Based on the presented case, the use of a thrombopoietin receptor agonist also seems to be a good therapeutic alternative [4], although the long-term effects of such treatment are not yet known.
Thrombocytopenia in the course of leukemias, lymphomas with bone marrow involvement and in metastases of solid tumors to the bone marrow are usually caused by the displacement of the platelet-forming system from the bone marrow by the proliferative process. Due to the complexity of the disease and treatment process, it can also take on a different character. Since the definition of post-transfusion thrombocytopenia in 1961, it has been only a rarely reported post-transfusion complication [1]. In a case of post-transfusion thrombocytopenia, it is recommended to extend the diagnostics:
- determination of platelet antigens from HPA-1 system using molecular biology methods;
- determination of HLA class I antigens locus A and B for selection of platelet concentrate;
- expanding diagnostics by testing anti-HLA antibodies in lymphocytotoxic test in order to determine/modify method of selecting platelet concentrate donors.

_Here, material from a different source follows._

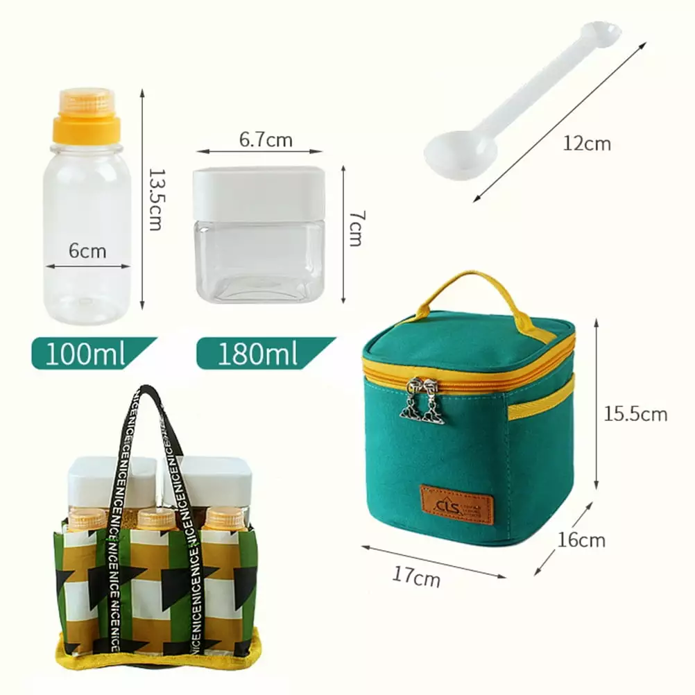 – It comes with 4pcs 180ml solid bottle. 3pcs 115ml liquid bottle. a measuring spoon. a internal storage bag and a external storage bag. easy to use.

- Transfusion recommendations:
- transfused platelets from donors from registry selected on basis of compatibility in platelet antigens in HPA-1a system and HLA class I antigens locus A and B between donor and recipient;
- transfuse leukocyte-depleted blood components [5].
Authors’ contributions
ED — sole author.
Conflict of interest
The author declares no conflict of interest.
Financial support
None.
Ethics
The work described in this article has been carried out in accordance with The Code of Ethics of the World Medical Association (Declaration of Helsinki) for experiments involving humans; EU Directive 2010/63/EU for animal experiments and uniform requirements for manuscripts submitted to biomedical journals.